Important Announcement
Forum has been made read-only. Please click here for more information or here to return to VGFacts.

Users browsing this thread: 6 Guest(s)
the blue shell
#1
The notorious Blue Shell, an unavoidable item (unless you're playing "Mario Kart Wii") used to knock first-place players off the track, may exist only because of the N64's processing capabilities, not as some sadistic trick of the developers.

As Hideki Konno -- director of "Super Mario Kart" (1992) and "Mario Kart 64," and producer of "Mario Kart DS" (2005) and "Mario Kart Wii" -- said in an interview with Kotaku reporter Stephen Totilo:


"With Mario Kart 64, we wanted to have the same thing where everyone was in it until the end, but some of the processing problems occurred that didn't allow us to do that. And what I mean by that is once you're in a middle of a race you'll get that natural separation. What we were trying to do was push them back together with 64, having eight racers on the screen all the time, didn't work all that well. So, because the processing power didn't exist, we weren't able to create the racing environment we wanted".

Source:
http://www.huffingtonpost.com/2014/05/16...net_190484
Reply
#2
I've read your post and the written article, but I still don't get why they wanted to place the players closer if they couldn't have them all on the screen at once. "having eight racers on the screen all the time, didn't work all that well"
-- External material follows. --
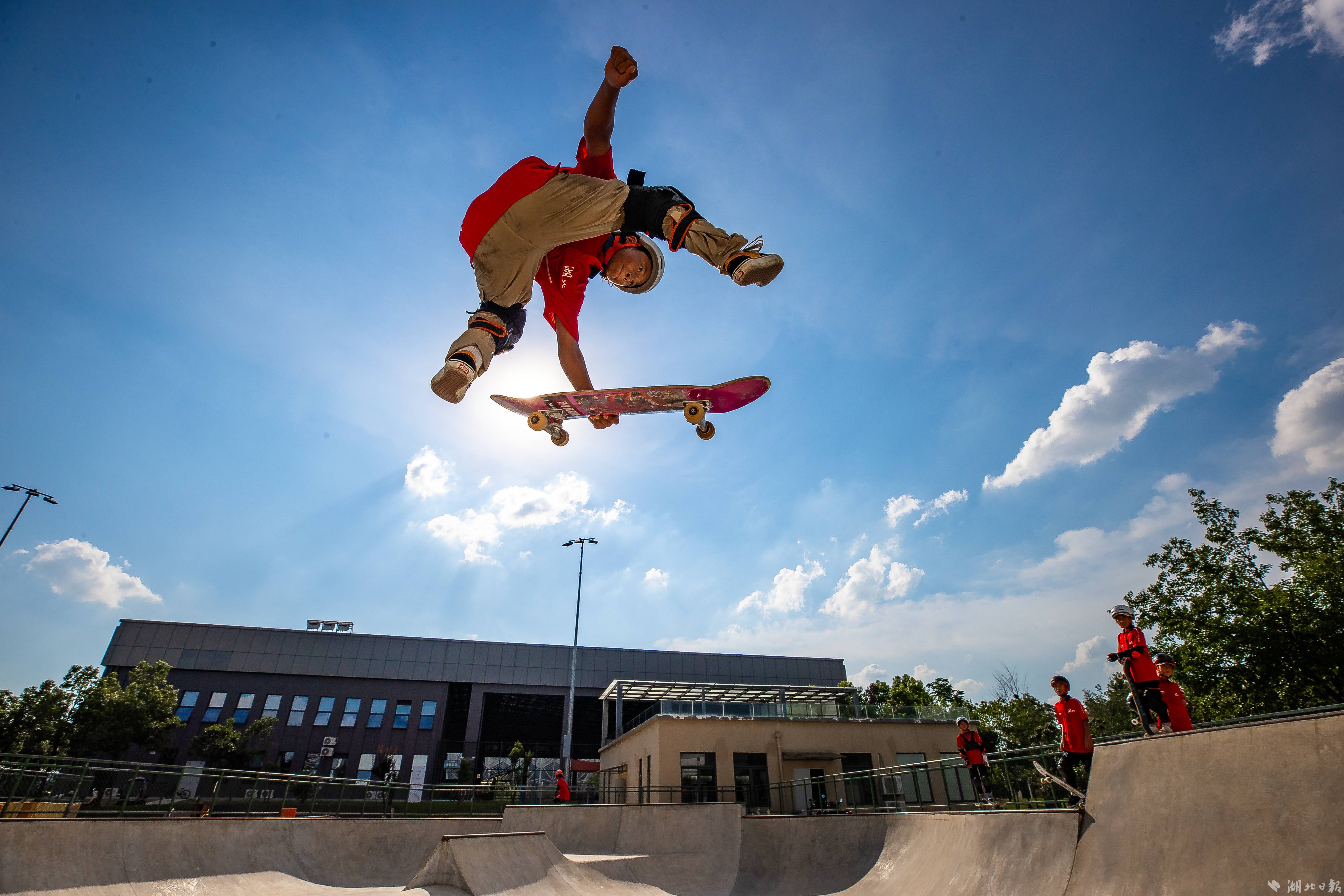8月6日,滑板小运动员在烈日下做出腾跃动作。

"game developers wanted to keep good players from perpetually having the lead spot and jamming up the N64's processor"

I don't understand how that would jam up the processor?

If someone with technowizardy can chip in that would be great.
Reply
#3
Since the courses in Mario Kart 64 aren't rendered at once, but rather as it is gotten to, having one person all the way in front would mean they would have to render later portions of the track while the other racers are forcing a different part of the track to be rendered, along with the extra background stuff on tracks, items boxes, racers, and the items themselves.
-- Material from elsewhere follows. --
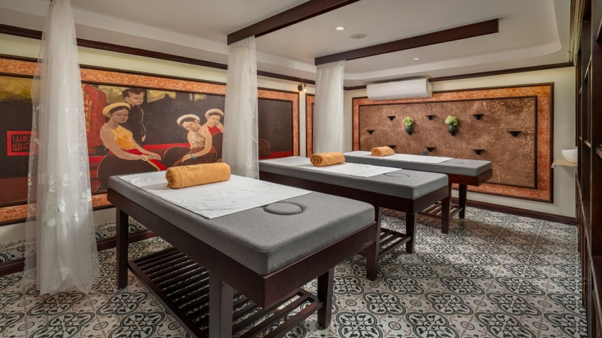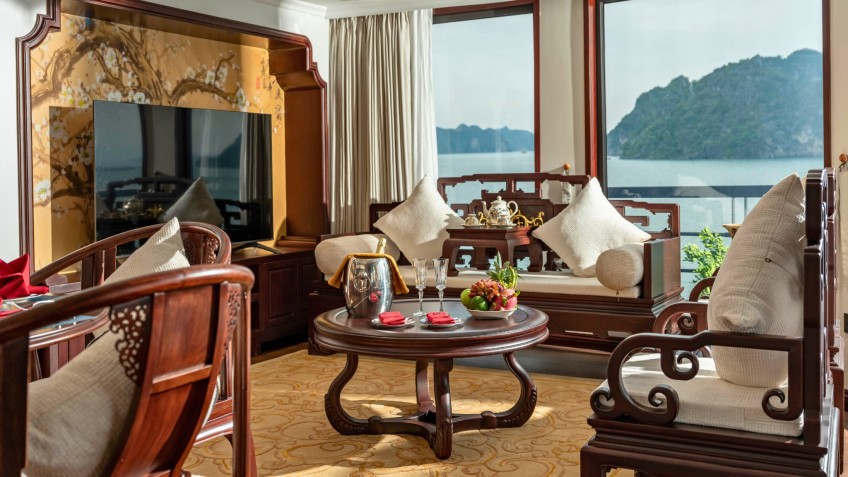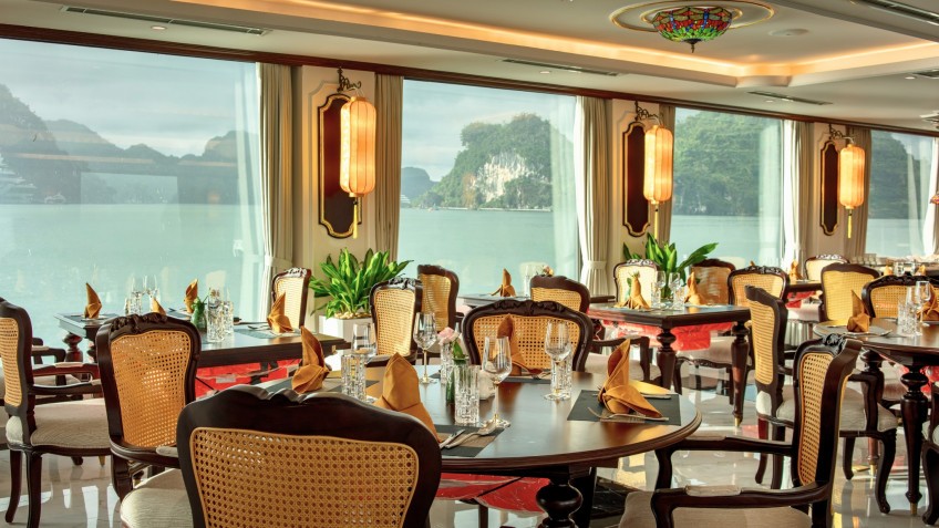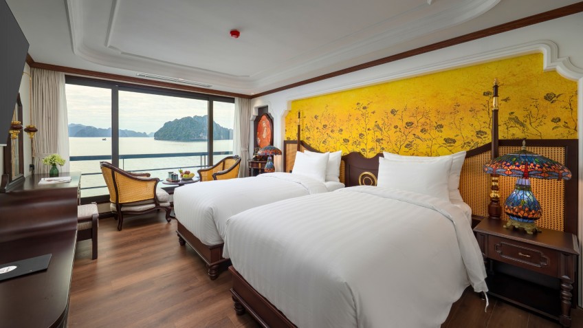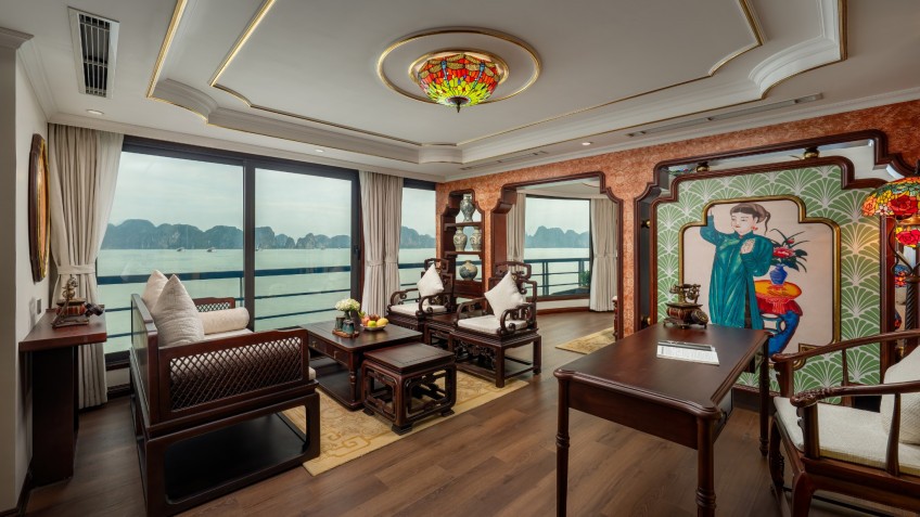 On board, guests can enjoy top-tier facilities including a 45m² four-season swimming pool, Lotus Spa & Sauna, spacious sundecks, and elegant restaurants. Carefully designed itineraries allow travelers to explore iconic destinations such as Sung Sot Cave, Titop Island, Luon Cave, and extended routes to Lan Ha Bay and Ba Trai Dao Beach.

Although this is just an assumption based on what I know, it might be wrong.
Reply
#4
(07-05-2014, 04:34 PM)SERIOUSLY THOUGH Wrote: I've read your post and the written article, but I still don't get why they wanted to place the players closer if they couldn't have them all on the screen at once. "having eight racers on the screen all the time, didn't work all that well"

"game developers wanted to keep good players from perpetually having the lead spot and jamming up the N64's processor"

I don't understand how that would jam up the processor?

If someone with technowizardy can chip in that would be great.

I know right? they might've outdone themselves

(07-05-2014, 06:12 PM)Takahashi2212 Wrote: Since the courses in Mario Kart 64 aren't rendered at once, but rather as it is gotten to, having one person all the way in front would mean they would have to render later portions of the track while the other racers are forcing a different part of the track to be rendered, along with the extra background stuff on tracks, items boxes, racers, and the items themselves.

Although this is just an assumption based on what I know, it might be wrong.

true
Reply
#5
That would make sense, thanks
Reply
#6
(07-06-2014, 08:02 AM)SERIOUSLY THOUGH Wrote: That would make sense, thanks

is this considered trivia or is just false information?
Reply
#7
(07-07-2014, 10:52 PM)holdyourorgasms_94 Wrote:
(07-06-2014, 08:02 AM)SERIOUSLY THOUGH Wrote: That would make sense, thanks

is this considered trivia or is just false information?

I'd qualify that as trivia -- submit it in any case.